夏谢氏轻摆腰肢,疾迈莲步,施施然来到大街之上,嚯,这只顾心底想事呢。居然都没有在意,这国都真个是繁华热闹,“人潮人海中,有你有我”不对,不对啊,我这说书呢,你先把那歌关了,你看把孤舟带哪里去了?
到底谁能识简?到底谁能识简?又想到了心事,这繁华顿时又黯淡下去,却总算有好心人告诉她“此去不远,有座稷下学宫,那里的都是识简滴”。

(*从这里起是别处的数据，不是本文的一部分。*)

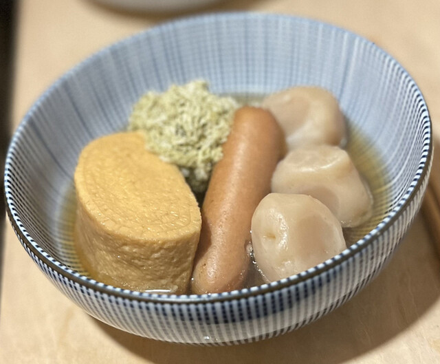 札幌ドームで桑田佳祐を堪能したあと、お店を除いていると「中に入って」との手招きで、スルスルと入場。基本、立ち飲み屋さんですが、椅子のある席に座らせてもらいました。 おでん(大根、... 詳細を見る

没翻两座山,就拐了几道弯,夏谢氏就看见了人家说的那种大门楼头子。心下惊喜,三步并作两步,急匆匆就奔那大门楼头子而去。
咦,门口怎么围了这多人?哎,让让,让让,奴家要去学宫。这么多人,有点喊不出来呀,再说了这吵吵嚷嚷的,喊出来人家能听见不?
先找个缝隙挤进去看看,这么多人看啥热闹呢。
挤进去一看,夏谢氏差点连眼珠子都惊掉出来。咋里啊?这么里三层,外三层围观一个长胡子老头和一个女人在抬杠,而那女人确是老相识!钟离春家的那个女奴,据说以前都是叫她“哎,咄”或“灰头土脸”,最近有了名字,叫什么李惠,好家伙,她怎么跑国都来咧?
这还了得,家奴外逃,抓住那可是要“笞死”或黥面或杖刑滴,只看主人心情如何了。哎,不对,话说,钟离春似乎对这女奴很不错。她不会是跟着钟离春来的国都吧?可是,钟离春走的时候是一个人呀,唉,不管了,先看看怎么回事,能帮把手,就帮把手,至于该怎么处罚她,那是钟离春的事情。
听了几句,夏谢氏脑袋大了,这事她帮不上忙啊,人家那棍抬得,自己根本都没有听说过!
“老夫以礼仪教你,你却在这里胡搅蛮缠,真真气煞老夫也”长胡子老头不知道哪里抬偏了,气的吹胡子瞪眼。
“老人家,我可不是故意要惹你生气,我坐这里歇脚,坐的好好的,你过来就是一顿骂,就我家主......我家相公都不会不指出我的错误就责骂”李惠不知道和这个白胡子老头抬了多长时间咧,但理直气壮,似乎还不落下风。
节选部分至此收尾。